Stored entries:
+===+

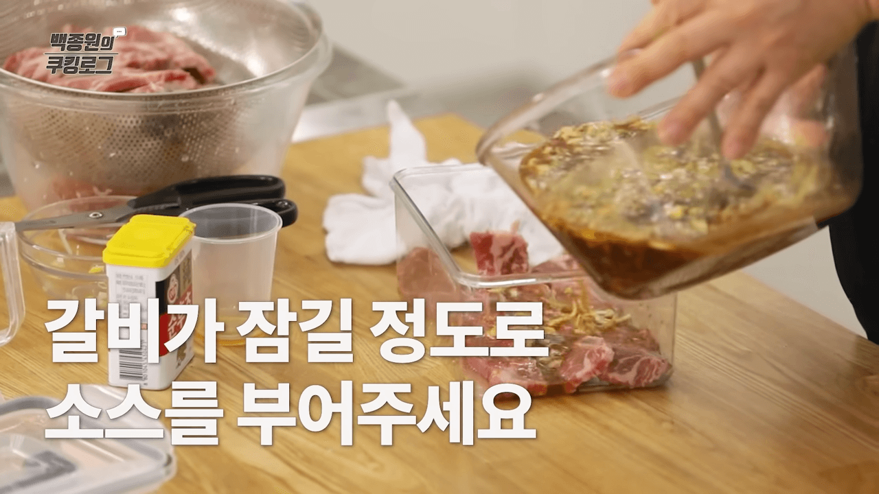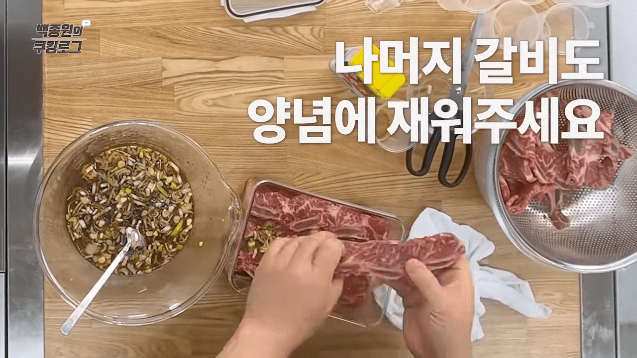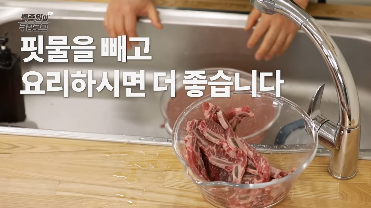 갈비의 핏물을 제거하는 과정은 중요합니다. 핏물이 남아 있으면 양념 맛을 방해하기 때문에 꼭 제거해 주셔야 합니다.
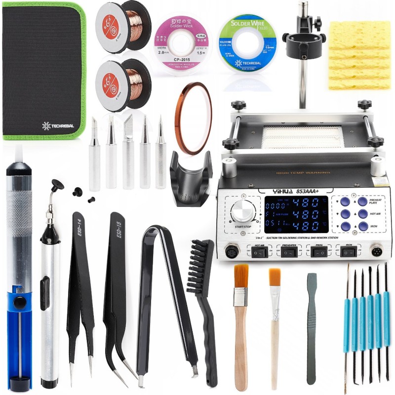 Lötstation / Vorheizgerät Yihua 853AAA+ 1270 W + Umfangreiches Set mit 32 Lötzubehörteilen
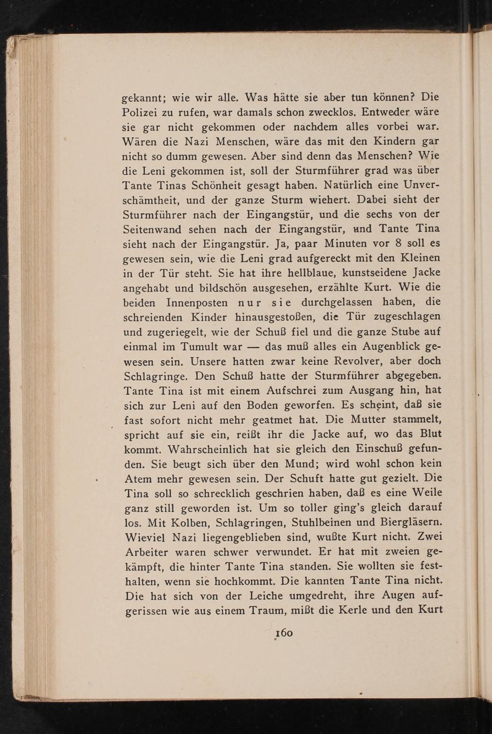 gekannt; wie wir alle. Was hätte sie aber tun können? Die Polizei zu rufen, war damals schon zwecklos. Entweder wäre sie gar nicht gekommen oder nachdem alles vorbei war. Wären die Nazi Menschen, wäre das mit den Kindern gar nicht so dumm gewesen. Aber sind denn das Menschen? Wie die Leni gekommen ist, soll der Sturmführer grad was über Tante Tinas Schönheit gesagt haben. Natürlich eine Unverschämtheit, und der ganze Sturm wiehert. Dabei sieht der Sturmführer nach der Eingangstür, und die sechs von der Seitenwand sehen nach der Eingangstür, und Tante Tina sieht nach der Eingangstür. Ja, paar Minuten vor 8 soll es gewesen sein, wie die Leni grad aufgereckt mit den Kleinen in der Tür steht. Sie hat ihre hellblaue, kunstseidene Jacke angehabt und bildschön ausgesehen, erzählte Kurt. Wie die beiden Innenposten nur sie durchgelassen haben, die schreienden Kinder hinausgestoßen, die Tür zugeschlagen und zugeriegelt, wie der Schuß fiel und die ganze Stube auf einmal im Tumult war das muß alles ein Augenblick gewesen sein. Unsere hatten zwar keine Revolver, aber doch Schlagringe. Den Schuß hatte der Sturmführer abgegeben. Tante Tina ist mit einem Aufschrei zum Ausgang hin, hat sich zur Leni auf den Boden geworfen. Es scheint, daß sie fast sofort nicht mehr geatmet hat. Die Mutter stammelt, spricht auf sie ein, reißt ihr die Jacke auf, wo das Blut kommt. Wahrscheinlich hat sie gleich den Einschuß gefunden. Sie beugt sich über den Mund; wird wohl schon kein Atem mehr gewesen sein. Der Schuft hatte gut gezielt. Die Tina soll so schrecklich geschrien haben, daß es eine Weile ganz still geworden ist. Um so toller ging's gleich darauf los. Mit Kolben, Schlagringen, Stuhlbeinen und Biergläsern. Wieviel Nazi liegengeblieben sind, wußte Kurt nicht. Zwei Arbeiter waren schwer verwundet. Er hat mit zweien gekämpft, die hinter Tante Tina standen. Sie wollten sie festhalten, wenn sie hochkommt. Die kannten Tante Tina nicht. Die hat sich von der Leiche umgedreht, ihre Augen aufgerissen wie aus einem Traum, mißt die Kerle und den Kurt
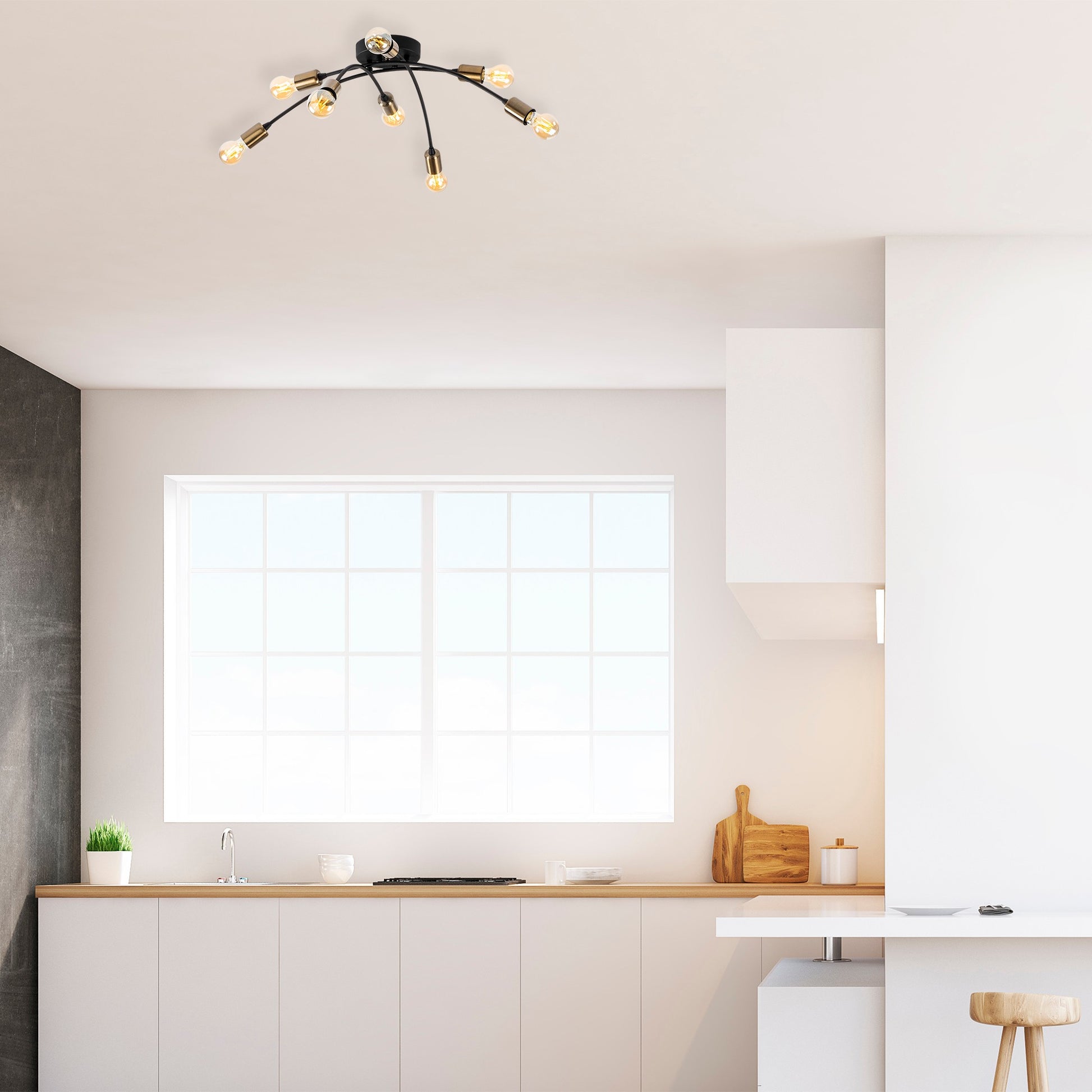 Com o seu tamanho generoso de 79 x 79 cm e uma altura de 26 cm, este candeeiro torna-se o ponto focal de qualquer divisão. O seu design cativante apresenta oito tomadas, permitindo-lhe iluminar o seu espaço com um brilho quente e convidativo.
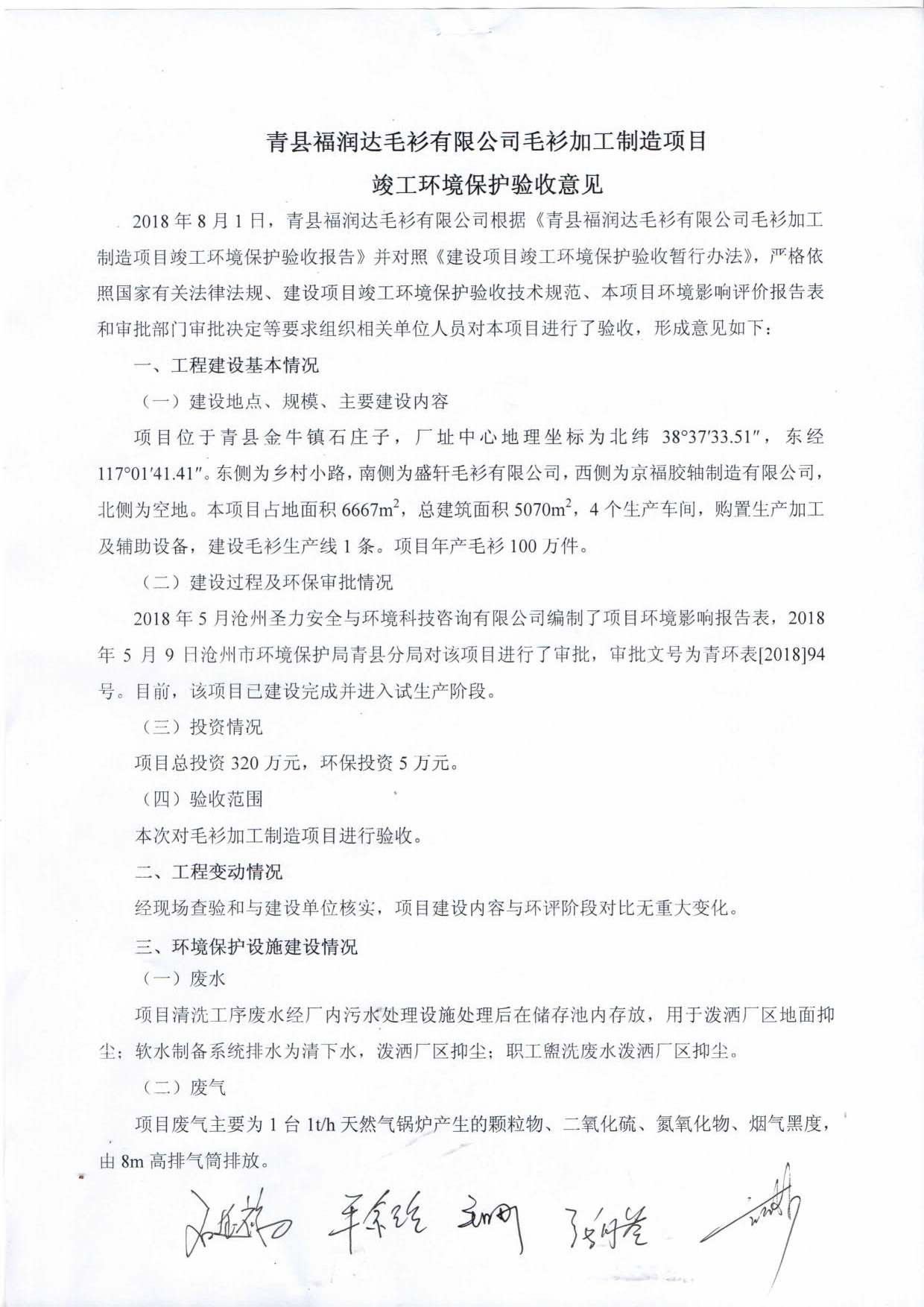 青县福润达毛衫有限公司验收意见
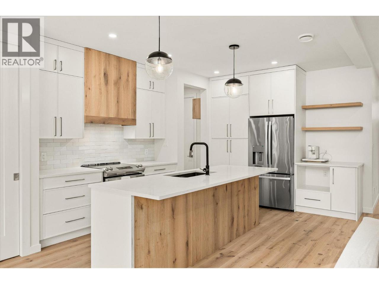 Welcome to this beautifully crafted brand-new home in The Orchards, one of Kelowna’s most beloved new family communities. The backyard extends beyond the fence line into a protected natural area, creating a quiet, private backdrop where kids can play & evenings feel calm & connected to nature. Just steps from DeHart Park & close to elementary, middle & high schools, as well as the Shops at The Ponds, this is a location designed for an easy, family-focused lifestyle. Inside, the main level is bright & welcoming with an open-concept living, dining & kitchen space made for gathering. A classic palette of warm wood tones, crisp white cabinetry, black accents & stainless-steel appliances feels timeless & inviting. Hardwood flooring flows throughout, complemented by striking tile backsplashes in the kitchen & in every bathroom. A practical mudroom with storage off the double garage & a spacious main-floor laundry—ideal for extra pantry space—add thoughtful everyday functionality. Upstairs, you’ll find three bedrooms plus a loft-style family area, perfect for movie nights or homework time. The primary suite is a true retreat, featuring dual vanities, a luxury walk-in shower & his-and-hers closets. The unfinished lower level invites your vision—create a legal one-bedroom suite, guest space, gym, office, or family room. With a separate side entrance and plumbing & wiring already in place, the builder can customize the space to suit your lifestyle for an additional cost. Come & look! (id:6769)
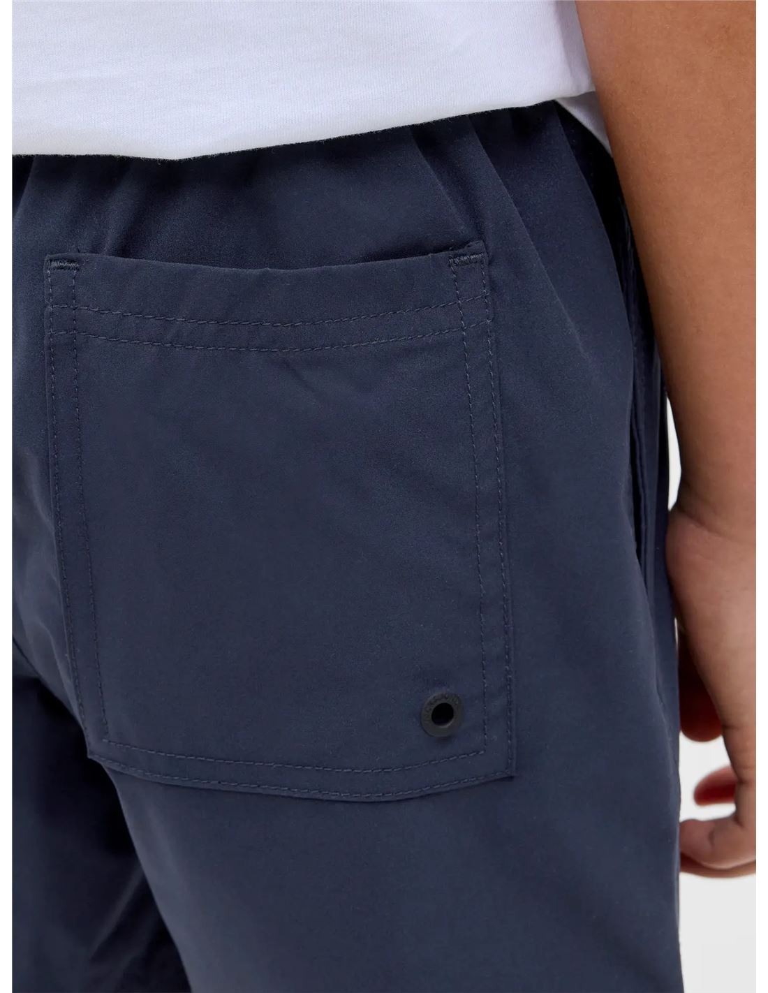 Bañador de niño junior confeccionado con una mezcla de fibras recicladas que no se estiran. Bolsillos delanteros y bolsillo trasero. Tiro medio. Cintura elástica con cordón.

+===+

» **Assigned task**
Omitting all pictures, reproduce the records above in their entirety.

» **Response below**
 갈비의 핏물을 제거하는 과정은 중요합니다. 핏물이 남아 있으면 양념 맛을 방해하기 때문에 꼭 제거해 주셔야 합니다.
 Lötstation / Vorheizgerät Yihua 853AAA+ 1270 W + Umfangreiches Set mit 32 Lötzubehörteilen
 gekannt; wie wir alle. Was hätte sie aber tun können? Die Polizei zu rufen, war damals schon zwecklos. Entweder wäre sie gar nicht gekommen oder nachdem alles vorbei war. Wären die Nazi Menschen, wäre das mit den Kindern gar nicht so dumm gewesen. Aber sind denn das Menschen? Wie die Leni gekommen ist, soll der Sturmführer grad was über Tante Tinas Schönheit gesagt haben. Natürlich eine Unverschämtheit, und der ganze Sturm wiehert. Dabei sieht der Sturmführer nach der Eingangstür, und die sechs von der Seitenwand sehen nach der Eingangstür, und Tante Tina sieht nach der Eingangstür. Ja, paar Minuten vor 8 soll es gewesen sein, wie die Leni grad aufgereckt mit den Kleinen in der Tür steht. Sie hat ihre hellblaue, kunstseidene Jacke angehabt und bildschön ausgesehen, erzählte Kurt. Wie die beiden Innenposten nur sie durchgelassen haben, die schreienden Kinder hinausgestoßen, die Tür zugeschlagen und zugeriegelt, wie der Schuß fiel und die ganze Stube auf einmal im Tumult war das muß alles ein Augenblick gewesen sein. Unsere hatten zwar keine Revolver, aber doch Schlagringe. Den Schuß hatte der Sturmführer abgegeben. Tante Tina ist mit einem Aufschrei zum Ausgang hin, hat sich zur Leni auf den Boden geworfen. Es scheint, daß sie fast sofort nicht mehr geatmet hat. Die Mutter stammelt, spricht auf sie ein, reißt ihr die Jacke auf, wo das Blut kommt. Wahrscheinlich hat sie gleich den Einschuß gefunden. Sie beugt sich über den Mund; wird wohl schon kein Atem mehr gewesen sein. Der Schuft hatte gut gezielt. Die Tina soll so schrecklich geschrien haben, daß es eine Weile ganz still geworden ist. Um so toller ging's gleich darauf los. Mit Kolben, Schlagringen, Stuhlbeinen und Biergläsern. Wieviel Nazi liegengeblieben sind, wußte Kurt nicht. Zwei Arbeiter waren schwer verwundet. Er hat mit zweien gekämpft, die hinter Tante Tina standen. Sie wollten sie festhalten, wenn sie hochkommt. Die kannten Tante Tina nicht. Die hat sich von der Leiche umgedreht, ihre Augen aufgerissen wie aus einem Traum, mißt die Kerle und den Kurt
 Com o seu tamanho generoso de 79 x 79 cm e uma altura de 26 cm, este candeeiro torna-se o ponto focal de qualquer divisão. O seu design cativante apresenta oito tomadas, permitindo-lhe iluminar o seu espaço com um brilho quente e convidativo.
 青县福润达毛衫有限公司验收意见
 Welcome to this beautifully crafted brand-new home in The Orchards, one of Kelowna’s most beloved new family communities. The backyard extends beyond the fence line into a protected natural area, creating a quiet, private backdrop where kids can play & evenings feel calm & connected to nature. Just steps from DeHart Park & close to elementary, middle & high schools, as well as the Shops at The Ponds, this is a location designed for an easy, family-focused lifestyle. Inside, the main level is bright & welcoming with an open-concept living, dining & kitchen space made for gathering. A classic palette of warm wood tones, crisp white cabinetry, black accents & stainless-steel appliances feels timeless & inviting. Hardwood flooring flows throughout, complemented by striking tile backsplashes in the kitchen & in every bathroom. A practical mudroom with storage off the double garage & a spacious main-floor laundry—ideal for extra pantry space—add thoughtful everyday functionality. Upstairs, you’ll find three bedrooms plus a loft-style family area, perfect for movie nights or homework time. The primary suite is a true retreat, featuring dual vanities, a luxury walk-in shower & his-and-hers closets. The unfinished lower level invites your vision—create a legal one-bedroom suite, guest space, gym, office, or family room. With a separate side entrance and plumbing & wiring already in place, the builder can customize the space to suit your lifestyle for an additional cost. Come & look! (id:6769)
 Bañador de niño junior confeccionado con una mezcla de fibras recicladas que no se estiran. Bolsillos delanteros y bolsillo trasero. Tiro medio. Cintura elástica con cordón.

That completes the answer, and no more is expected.